L’IA peut-elle faire disparaître des milliers d’emplois numériques ? Le Kenya donne un premier avertissement

Pendant plusieurs années, Internet a représenté une véritable porte de sortie pour de nombreux jeunes Africains diplômés. Grâce au freelancing, il était possible de travailler pour des clients étrangers, de facturer en dollars ou en euros et de vivre en Afrique.

Au Kenya, une activité qui faisait vivre des dizaines de milliers de personnes a fortement reculé avec l’arrivée des outils d’IA générative. À Nairobi, jusqu’à 40 000 personnes auraient travaillé dans la rédaction de devoirs et de dissertations pour des étudiants étrangers au sommet de cette activité, selon une enquête publiée le 5 septembre 2026 par The New York Times.

Ce qui s’est passé au Kenya pourrait-il demain toucher certains freelances ivoiriens ?

La question mérite d’être posée.

Le Kenya, laboratoire involontaire du choc de l’IA

L’histoire racontée par The New York Times est particulièrement révélatrice.

Pendant des années, de jeunes Kényans diplômés ont profité de la croissance de l’économie numérique pour proposer leurs services à des clients situés principalement dans les pays occidentaux.

Parmi eux figurait Teresios Bundi, diplômé en santé publique.

Après son arrivée à Nairobi, il s’est lancé dans la rédaction de travaux universitaires destinés à des étudiants étrangers. Il facturait entre 40 et 70 dollars par devoir et affirmait avoir rédigé plus de 2 500 dissertations en douze ans.

Cette activité lui rapportait beaucoup plus que ce qu’il aurait pu gagner dans son domaine initial.

Autour de lui, toute une économie s’était développée : rédacteurs, petites agences, travailleurs indépendants et plateformes spécialisées.

À son apogée, les chercheurs estimaient qu’environ 40 000 personnes à Nairobi vivaient de cette activité de rédaction académique pour des étudiants étrangers.

Puis l’IA générative est arrivée.


ChatGPT change brutalement les règles du jeu

Lorsque ChatGPT est apparu en 2022, les étudiants ont découvert qu’un outil informatique pouvait produire en quelques secondes un texte structuré sur pratiquement n’importe quel sujet.

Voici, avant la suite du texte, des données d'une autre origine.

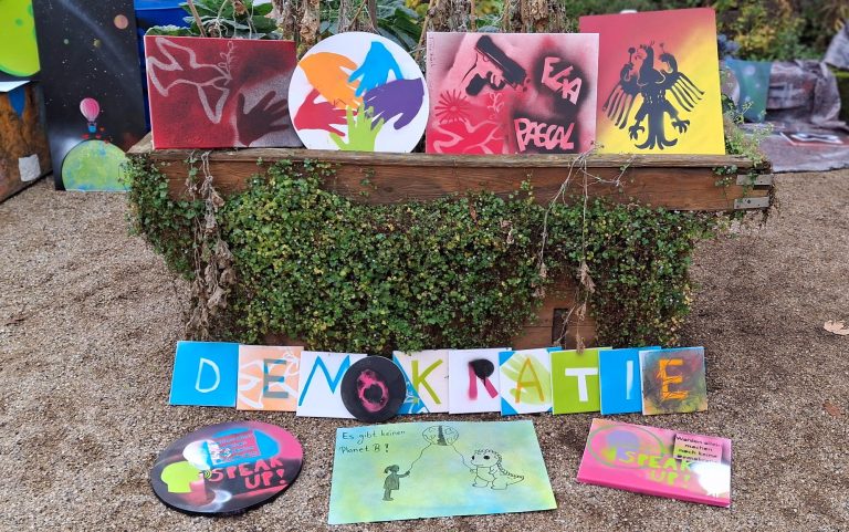 Im Rahmen des Bundesprogramms "Demokratie leben!" und der "Koblenzer Wochen der Demokratie 2025" gab es am 13.11. im Garten Herlet ein besonderes Lern- und Begegnungsformat: statt Unterricht im Klassenzimmer gab es Workshops, Gesprächsinseln, kreative Aktionen und viel Raum für eigene Ideen. Schülerinnen und Schüler des Fachbereichs Farbe+Raum/Maler- und Lackierer und beide Gärtnerklassen der Julius-Wegeler-Schule setzten sich aktiv mit den Grundwerten demokratischen Handelns auseinander. Die gemeinsame Aktion im Garten Herlet wurde zum öffenlichen Raum und Lernort und gleichzeitig zu einem Zeichen für Vielfalt und Respekt.

Le modèle économique est alors devenu beaucoup plus difficile pour les rédacteurs humains.

Pourquoi attendre plusieurs heures ou plusieurs jours et payer un freelance lorsque certains contenus peuvent être générés immédiatement par une IA ?

Le résultat a été rapide : les commandes ont diminué et les tarifs ont chuté.

Certains entrepreneurs ont fermé leurs agences. Teresios Bundi a lui aussi abandonné son activité de rédaction et travaille désormais pour une organisation allemande qui aide les jeunes Kényans à trouver de nouvelles opportunités dans l’économie numérique.

Mais l’histoire ne concerne pas uniquement les rédacteurs.


La transcription, la modération et d’autres métiers sont également touchés

L’un des aspects les plus importants de l’enquête concerne la diversité des métiers numériques concernés.

Au Kenya, des travailleurs effectuaient également de la transcription audio, de la modération de contenus et différentes tâches pour des plateformes internationales.

Ces activités ont elles aussi commencé à être automatisées.

Le cas de Frida Mwangi est révélateur. Elle travaillait notamment dans la transcription, y compris dans le domaine médical. L’amélioration des logiciels de transcription a progressivement réduit la quantité de travail disponible pour les humains.

Le phénomène est donc plus large qu’une simple histoire de rédacteurs remplacés par ChatGPT.

L’IA commence à automatiser certaines tâches qui constituaient jusqu’ici une porte d’entrée vers l’économie numérique.


Et en Côte d’Ivoire ?

C’est ici que l’histoire kényane devient particulièrement intéressante pour Abidjan.

La Côte d’Ivoire développe elle aussi son économie numérique et encourage les jeunes à se former aux métiers du digital.

Mais surtout, le freelancing international est déjà une réalité pour de nombreux jeunes Ivoiriens.

Une enquête publiée en juillet 2026 par LeBanco.net rapporte que des milliers de jeunes Abidjanais travaillent pour des clients étrangers via des plateformes internationales telles qu’Upwork et Fiverr. Certains réalisent leurs missions directement depuis leur téléphone ou leur ordinateur.

Autrement dit, le modèle économique observé au Kenya existe également, sous différentes formes, en Côte d’Ivoire.

La différence est que les métiers concernés ne sont pas forcément les mêmes.


Les freelances ivoiriens doivent-ils avoir peur de l’IA ?

Pas nécessairement.

Mais ils doivent comprendre que le marché du travail numérique est en train de changer.

Un jeune qui vend uniquement une tâche facilement automatisable peut être davantage exposé qu’un professionnel capable d’utiliser l’IA pour améliorer son propre travail.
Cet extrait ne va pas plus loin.